Since pricing its latest public offering at $5.50 two weeks ago, shares of Synergy Pharmaceuticals (SGYP) have failed to hold that print and are trading under $5.00 as of Monday morning. Nevertheless, existing clinical data for Synergy’s lead candidate plecanatide suggest that the drug will be competitive with Ironwood’s (IRWD) Linzess (linaclotide), a fellow guanylate cyclase-C agonist indicated for the treatment of irritable bowel syndrome with constipation (IBS-C) and chronic idiopathic constipation (CIC). Synergy is pursuing the same two indications, and plecanatide has already demonstrated similar efficacy with improved tolerability (fewer patients reported diarrhea as an adverse event). And although plecanatide is likely two years from hitting the market, IRWD’s valuation suggests that plecanatide, if trials continue to demonstrate its clinical benefit — especially over Linzess — is severely undervalued. Most investors point to the IRWD/SGYP disparity as reason to own the stock, and it’s true that the difference is compelling. With Linzess as its only product, IRWD carries a market capitalization of $1.9B; SGYP’s $363M valuation looks paltry in comparison, especially considering that IRWD only recognizes 50% of Linzess’ sales (partner Forest Labs (FRX) splits revenues). The market, then, values Linzess at close to $4B.

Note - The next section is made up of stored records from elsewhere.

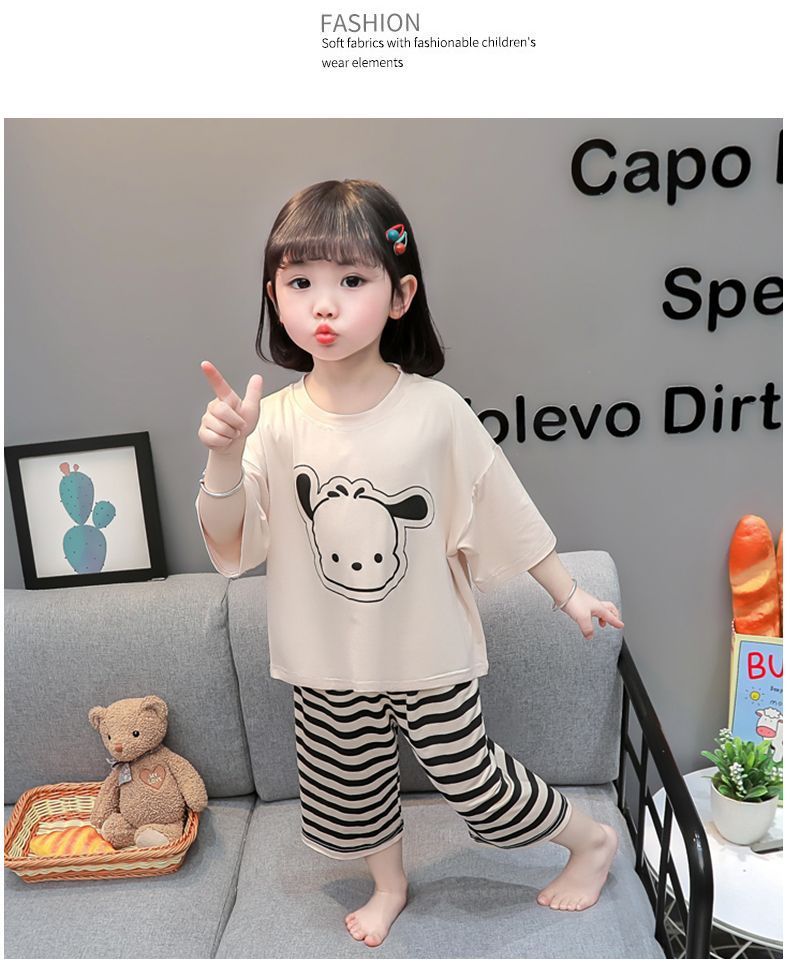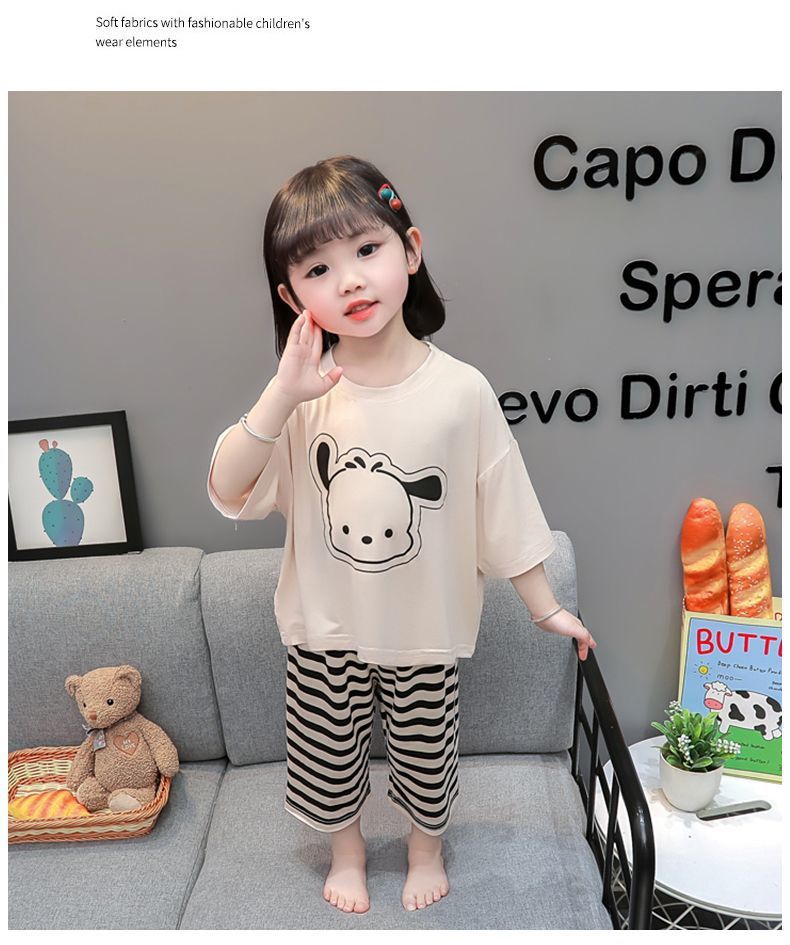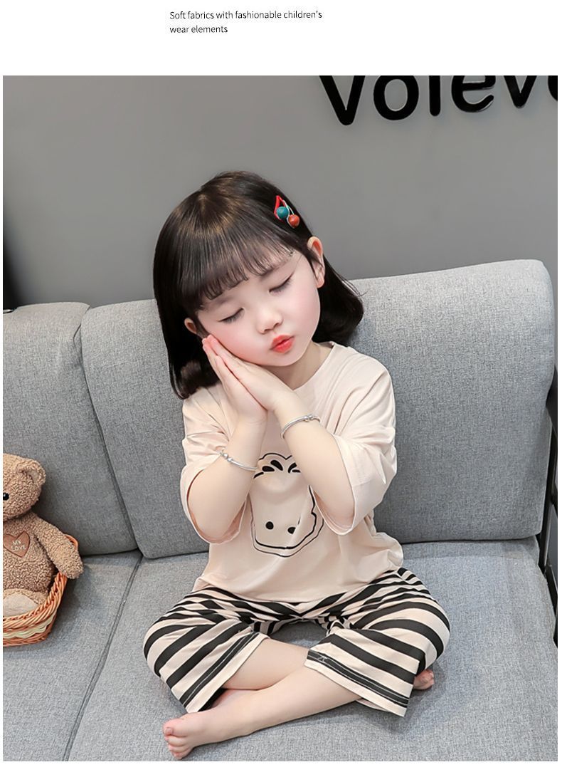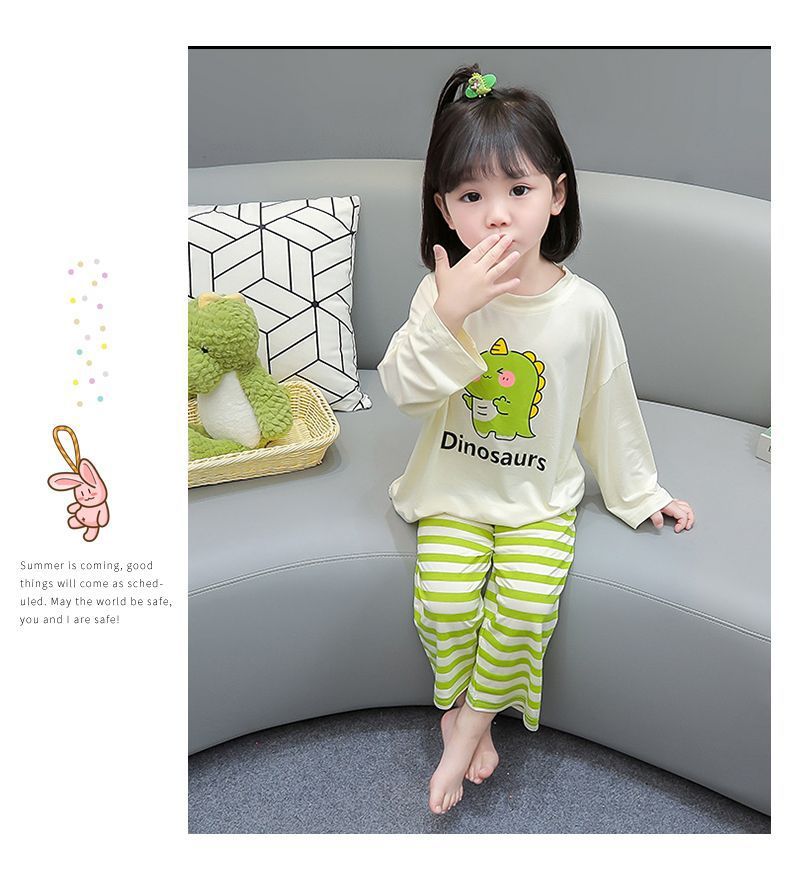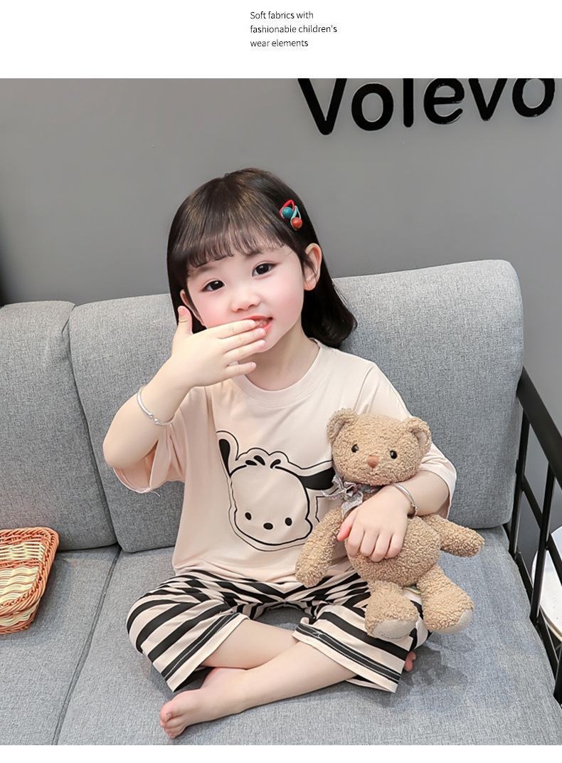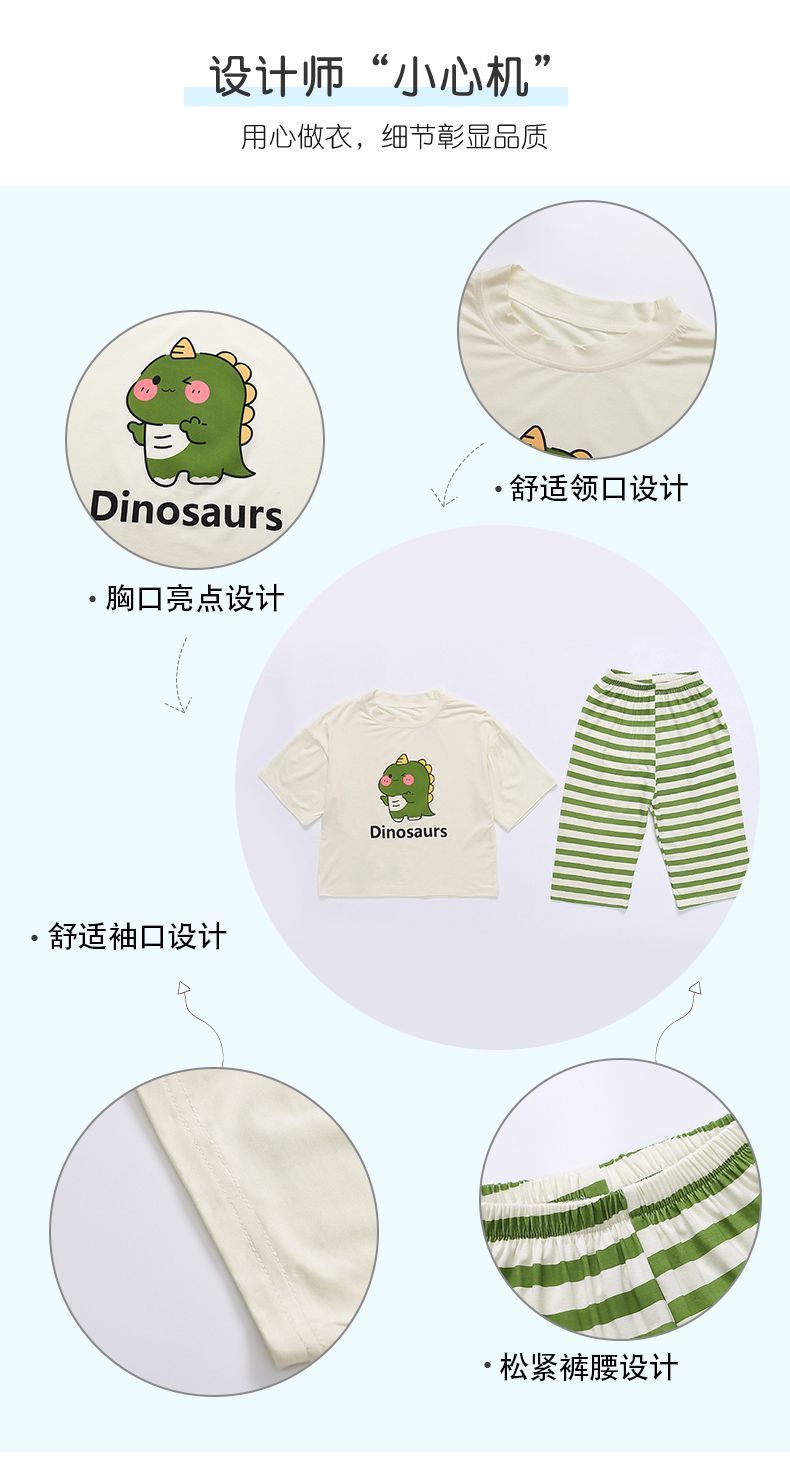 어린이 여름 의류 모달 홈 의류 세트 얇은 만화 잠옷 느슨한 소년 소녀 아기 에어컨 옷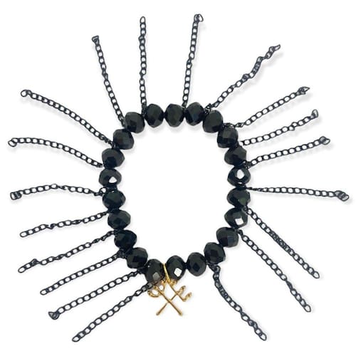 Pulseira Pomba Gira X Exu Preta Corrente Cristal e Silicone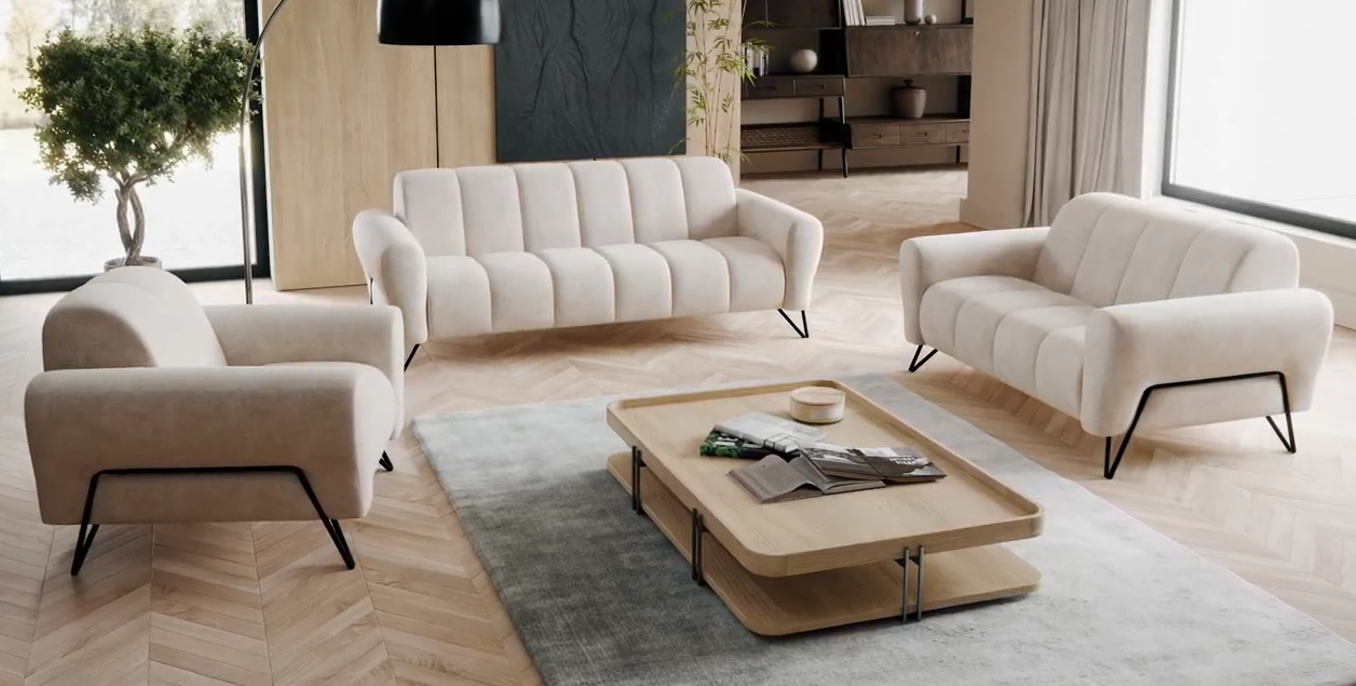 Stylowy, wygodny i dopracowany w każdym detalu zestaw do salonu! Komplet Volare 3+2+1 to połączenie nowoczesnego designu, wysokiej jakości wykonania i maksymalnego komfortu użytkowania. Zestaw Volare został zaprojektowany z myślą o codziennym komforcie. Połączenie sprężyn falistych oraz wysokoelastycznej pianki HR sprawia, że meble idealnie dopasowują się do ciała, zapewniając wygodę zarówno podczas krótkiego odpoczynku, jak i długiego relaksu.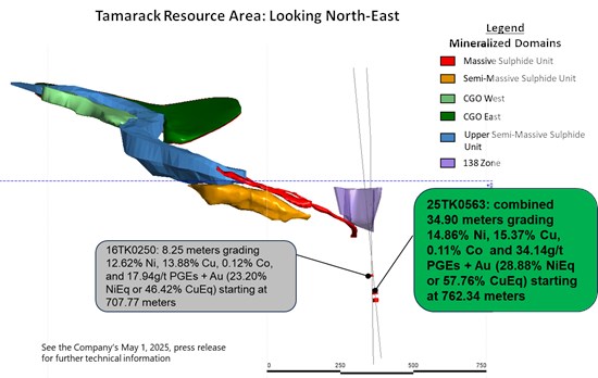 Tamarack, Minnesota–(Newsfile Corp. – June 5, 2025) – Talon Metals Corp. (TSX: TLO) (OTC Pink: TLOFF) (together with its subsidiaries, “Talon” or the “Company”), the majority owner and operator of the Tamarack Nickel-Copper-Cobalt Project (“Tamarack Nickel Copper Project“) in central Minnesota, is pleased to announce assays from the previously announced historic massive sulphide (“MSU“) intercepts in drill hole 25TK0563 (see the Company’s press release dated May 12, 2025) measuring a combined 34.9 meters grading 28.88% NiEq and 57.76% CuEq at the Tamarack Nickel Copper Project.
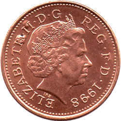 1998 decimal penny with several "air bubbles" in the metal. Obv. Below H of ELIZABETH and below the 2nd "I" of II. Also between 19.98 of date. Listed as OP 1998 C - AU90. A couple of tiny ex-carbon spots on cheek and on bubble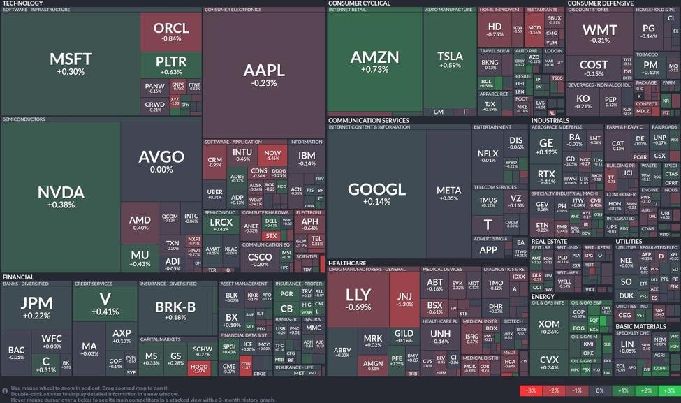 Unter den zyklischen Konsumgütern Amazon (AMZN) zeigt mit einem Plus von 0,73 % weiterhin Widerstandsfähigkeit, was auf eine starke Anlegerstimmung hinweist. Im Finanzbereich JPMorgan Chase (JPM) stieg um 0,22 % und Visum (V) stieg um 0,41 %, was auf eine moderate Positivität hinweist.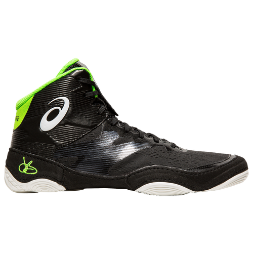 ASICS Men's Black& White Split Second Wide Wrestling Shoe size 9 .5 . Whether you're new to wrestling or on your way to the Olympics . This shoe works for you . A split sole means flexible traction, open mesh uppers offer durable comfort, and the integrated lace cover complies with all regulations .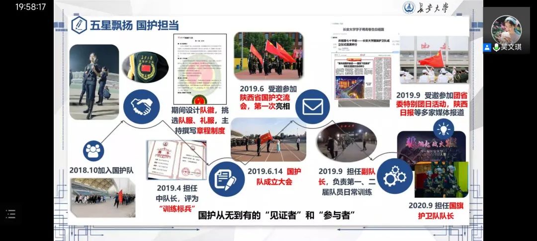第三位同学是绅士漫画 领航之星获得者——来自水利与环境学院的吴文琪同学。身为国旗护卫队从无到有的见证者与参与者,同时,身兼多项职务,吴文琪有时辛苦却也无比荣幸。她也曾迷茫过,在工作与学习之间踌躇不定,“搞清角色定位,做好角色的转变”是她解决问题的答卷。她鼓励同学们学会利用身边的一切,充实自己,提升自己。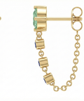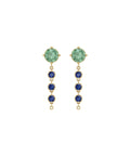 Los aretes Caída Azul combina una esmeralda superior con una línea de zafiros azules en oro 18k, creando un contraste profundo y contemporáneo.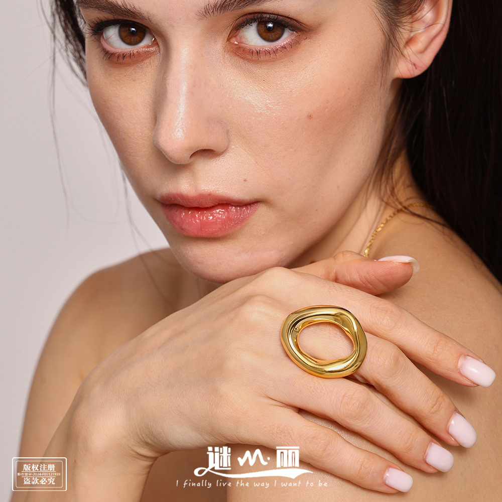 Exaggerated Open Hollow Ring Ins Square Letter Clavicle Necklace Stainless Steel Plated 18K Real Gold Set Trend

This isn’t new information to those following the story, but we believe that SGYP around $5.00 is a good place to be initiating and/or adding to a long-term position. The company has no major catalysts during the rest of this year, but will report the results of its Phase IIb IBS-C trial (NCT01722318) early in 2014. Synergy has an end-of-Phase-II meeting with the FDA in June, which should provide a clear path forward for plecanatide development. In addition, the company will present the full data set from plecanatide’s Phase IIb/III at the Digestive Disease Week conference on May 21 (see the abstract). Neither of these are major events for SGYP, but some investors continue to believe that the FDA will allow Synergy to file for approval in CIC based on existing data alone (Phase IIb/III) and the drug’s similarities to Linzess; we see this as unlikely. Linzess went through two Phase III trials for IBS-C and CIC each, suggesting that the FDA will want to see at least one more late-stage trial (possibly two) in CIC, depending on whether they accept the completed Phase IIb/III as registrational or not. There’s also the chance that Synergy will partner plecanatide in the near-term, which it will need to do at some point, but we think those odds improve following the Phase IIb IBS-C data in 1Q14.
The company has effectively shored up the balance sheet for the time being, but Synergy will need to run one more financing to fund plecanatide’s final pivotal trials and get the drug onto the market. We don’t expect a raise until 2014, most likely after the Phase IIb IBS-C data early next year, but investors should be prepared for further dilution in the long-haul.
SGYP is oversold based on its 14D MFI/RSI, and while traders were expecting the 200D MA to offer support last week, the stock broke below and has yet to show signs of a reversal.Note that on the weekly, SGYP’s 50MA lies at $4.95. Despite a lack of catalysts through the rest of 2013, we see SGYP’s recent weakness is a long-term buying opportunity, and investors can look for an opportunistic entrance point in the high $4’s. Cantor Fitzgerald pinned a $1.6B peak sales estimate on plecanatide just before the offering announcement, and although we take analyst numbers with a grain of salt, the IRWD comparison alone is enough to indicate the kind of upside that Synergy may produce in the long-term.
In connection with sGYP, PropThink has taken a long position.